Eddie blinked at him. “Seven in the morning? What in hell for? I haven’t been up at that time of night since I was going to Sunday school.”
Bert smiled. “You should never of quit going to Sunday school. You’re the type. You look like you’ve got morals.”
“Thanks. You look like Santa Claus.”
“Oh, I’ve got morals too. I was brought up right. Only you look like you’ve got the good kind of morals. Anyway, you get up and meet me just like going to Sunday school, day after tomorrow, right here at seven o’clock. That way we can drive to Lexington in a day.” And then, his voice more easy, “I don’t like to get up at seven either.”

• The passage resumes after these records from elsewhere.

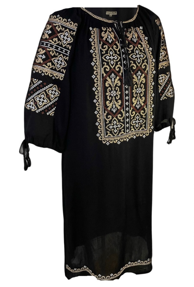 Rochia este dintr-un material bumbac imbogatita cu minunatele flori de floarea soarelui imbinand perfect traditia cu noul, un liant perfect intre motivele traditionale transpuse pe un material atat de modern.
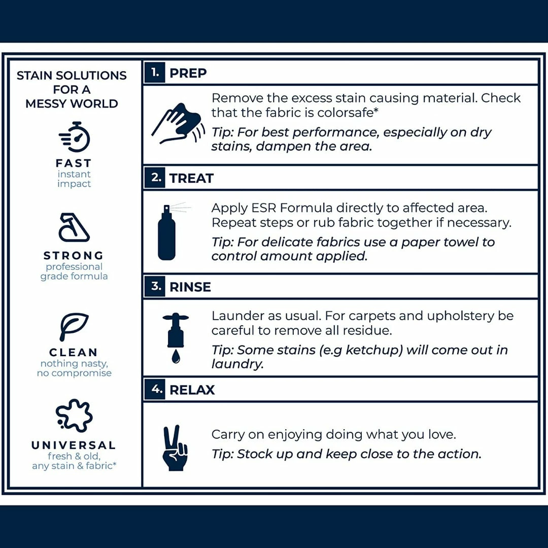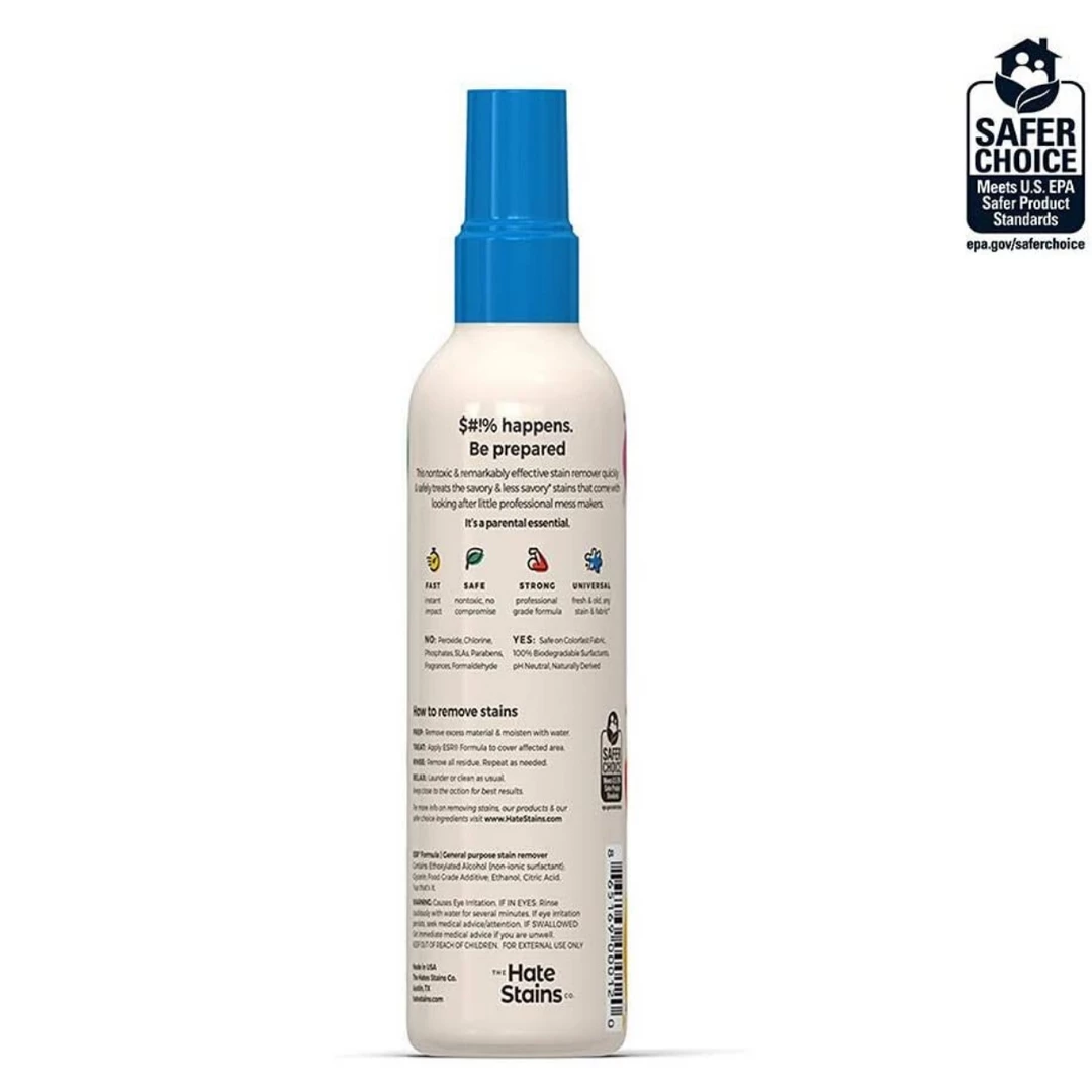 - A PARENTAL ESSENTIAL – A spot cleaning stain remover spray specifically designed to quickly & safely treat the inevitable stains made by the professional mess makers we love and care for.
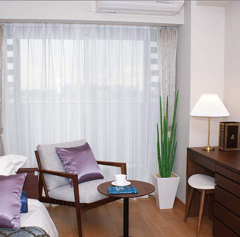 | 居室設備 | クローゼット、温水洗浄機能付トイレ、エアコン、床暖房、テレビ配線、電話配線、車椅子対応洗面化粧台、介護用電動ベッド、カーテン、ケアサポートソリューション(居室内見守りシステム) 、キッチン(一部居室のみ) |
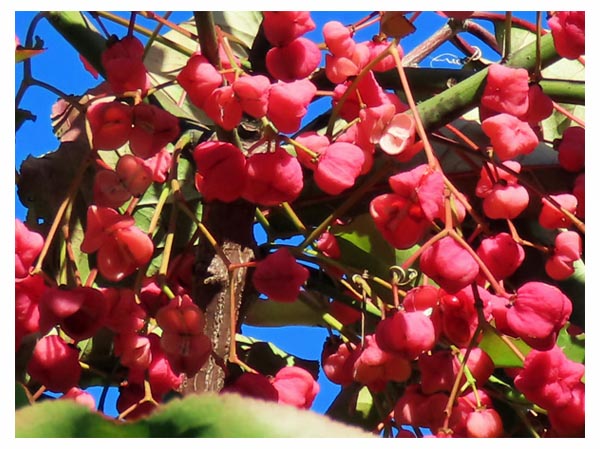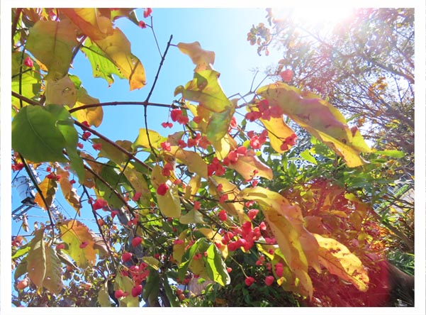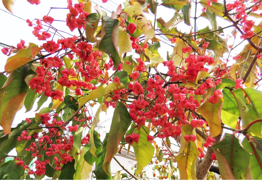 葉の緑がまだ濃く、かつ小さからぬ葉に覆われて、マユミの実が目立ちません。![]() まだまだ葉が茂るマユミ 2025/11/3 ![]() 既に実は朱色に変化 2025/11/1 ![]() 葉に隠れながらも日々存在感を増すマユミの実 2025/11/11 |
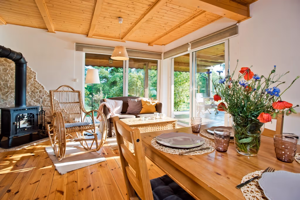 Pierwszy dom w zestawieniu. Jezioro Szymonek, drodzy państwo, Mazury. Przepiękne wnętrza, to trzeba przyznać, a z opinii po pobycie widać, że gościom służą i one, i dostęp do jeziora, i fajni gospodarze. Dom dostajecie na wyłączność, do Waszej dyspozycji jest sporo miejsc piknikowych, gorąca beczka, można się w zasadzie nie ruszać poza bramę. Dom gospodarzy jest obok, jeśli macie psa - zaznaczcie to rezerwując na Slowhopie.

“Okay,” Eddie said, “I’ll bring my cue.”
“And one more thing,” Bert said. “I’m paying all the expenses and I’m taking all the risks. So while you’re with me you’ll play it my way.”
“I figured to,” Eddie said, not looking up at him. He bent down, concentrating on a long shot on the four ball, which sat, a quiet sphere of dull purple, in the middle of the table. He took careful aim, swung powerfully, and hammered it into the far corner pocket. The cue ball came to a dead stop. He looked over at Bert.